Григорий Синаит: «Сдерживай дыхание легких, чтобы не дышать без необходимости, так как слышание вылетающих из сердца вздохов омрачает ум, рассеивает мысли и, изгоняя ум из сердца, предает его плену забвения… Сдерживая дыхание, заключая ум в сердце и повторяя без перерыва постоянно призывание Господа Иисуса, ты скоро пожжешь и оттеснишь помыслы»{365}.
Понятно, что неподвижность и покой телесный располагают к внутреннему сосредоточению, способствуют внимательной молитве. Но возникает вопрос — каким же образом согласовать это положение с известной мыслью Исаака Сирина: «Всякая молитва, в которой не утруждалось тело и не скорбело сердце, вменяется за одно с недоношенным плодом чрева, потому что такая молитва не имеет в себе души»?[121] Надо заметить, что здесь предлагается два условия, причем второе — скорбь сердечная — оказывается, по слову самого же Исаака Сирина, важнее первого — труда телесного — и может даже упразднять оное: «Сердце, исполненное печали о немощи и бессилии в делах телесных, явных, заменяет собою все телесные дела… Печаль умная превосходит и телесный труд». В свою очередь, «дела телесные без печали ума — то же, что и тело неодушевленное… Печаль ума — драгоценное Божие даяние. Кто переносит ее как должно, тот подобен человеку, носящему в членах своих святыню»{366}.

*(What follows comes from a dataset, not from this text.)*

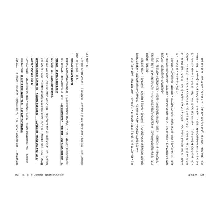 制定策略時,往往會陷入一成不變的思維陷阱,以常規的方法解決問題。這樣做,往往無法找到更好的思路。因此,不妨另闢蹊徑,採用「向前展望,向後推理」的方法來分析眼前的困局,通常可以得到意想不到的效果。  什麼是「向前展望」呢?就是訂定目標,預判結果。不妨想想你在這場博弈中到底想達到什麼目標?想要獲得什麼利益和成果?如果按照現在的行動方案能順利得到嗎?機率有多大?只要這樣思考,就可以避免盲目地白費力氣。  什麼是「向後推理」呢?就是應該從結果出發,推導出在一開始或中間階段需要採取什麼樣的策略,才能順利實現我們的目標。在一場博弈之中常常有多種策略可以選擇,有些策略甚至被視為理所當然的「最佳解決方案」。  但事實上真是如此嗎?如果採取逆向思維,分析計算那些非常規的策略,就會發現真正有效率的做法並不是那個「理所當然」的最佳解決方案。  《資治通鑑》當中有個故事,正好可以說明這個道理。  郭子儀率領蕃、漢兵出關東(函谷關以東,今陝西東部與河南等地)征討叛軍,連戰告捷,收復至潼關、華陰、弘農等地。關東各個道的軍隊,都俘獲了不少叛軍,陸續把這些俘虜押送到皇帝的行在所。唐肅宗下敕書命令全部處死。這時,監察御史李勉向肅宗進言:「現在尚未除掉叛亂的元兇,戰火也波及了大半個國家,其中許多人多是被迫從賊。他們得知陛下即位,率兵平叛,都心懷洗心革面的願望,願意服從陛下的統治。如果現在將這些被俘的人全部處死,反而會逼迫那些跟隨叛亂的人繼續作亂。」肅宗聽後,立即下令赦免他們。  從這個例子就不難看出,按照慣例,這批俘虜最常見的命運就是被殺。這是一般人能想到的一般策略,甚至被認為是最佳策略。斬殺俘虜,看起來能振奮我方軍心、削弱敵人威風。然而根據當時的特殊情況來看,殺光俘虜並不是最優策略。 對於一個戰亂多年的國家來說,皇帝和人民最渴望的是什麼?是和平、是休養生息、是發展經濟。想要和平穩定,就要盡快結束戰爭,至少不能再加劇戰爭的慘烈程度。因為赦免俘虜能穩定局勢,所以就變成了最優策略。  這個例子運用了「向前展望,向後推理」的思維。向前展望,可以瞭解當時的局勢並預判出殺俘虜會造成什麼後果。這種後果是否是大家想要的?如果不是,大家又希望得到什麼樣的結果?  假如「和平穩定」是目標和結果,為了實現它,對待俘虜時採用「赦免」的手段就是上策,「斬殺」就是下策。  在培養策略思維的過程中,「向前展望,向後推理」這個方式常常會讓人茅塞頓開。但是在具體執行時,需要注意以下幾點:  一、適當使用理性和感性思維。 畢竟博弈是講究邏輯的理智行為,因此理性思維常常會在過程中占上風。我們多半需要透過理性思維來權衡利弊、實現利益最大化。然而,在某些特殊情境下,感性思維才能幫助我們實現目標。在這種時候,就需要適當拋棄理性。  二、鎖定目標,找出影響結果的關鍵因素。遇到簡單的問題時,往往習慣從當下的情況出發,分析現階段應採取什麼樣的策略,再一步步達到預期的結果。然而,按部就班的思路在面對複雜問題時往往行不通,或是效率極差。因此,我們要快速判斷影響結果的關鍵因素,然後從結果往前推理,一步步算出當下應該採取什麼樣的策略。  三、預判對方可能採取的策略。在博弈的過程中,我們需要時時注意對方可能採取的策略,並且隨時調整自己的方向。因為這是一個互動的過程,不能只留意自己想要的結果,而忽略外部的客觀條件。  也就是說,「向前發展,向後推理」這樣的思維方式,本質上是對未來結果的預判,以及根據預判而制定的策略方案,並非是真正得到了結果。如果在博弈過程中,雙方的客觀條件改變,或是出現了變數,都會大大影響整個結局

Однако и первое условие — утеснение плоти, утруждение телесное — во многих отношениях полезно и потребно. Прежде всего ради бодренности духа и ради смирения тела, в котором оно тоже нуждается, ибо смириться человеку должно всем существом своим. Умеренный покой вовсе не означает общей расслабленности, или телесного комфорта, но должен сопровождаться умеренным же утруждением. Усилия в молитве необходимы, ибо только нуждницы восхищают е[122] и, помимо усилий внутренних, помимо скорби и ревности сердечной, есть нужда и во внешних физических усилиях. Осуществляется это делание в двух направлениях: во-первых, через то, что Григорий Палама называет «осязательной скорбью», и, во-вторых, через статические нагрузки.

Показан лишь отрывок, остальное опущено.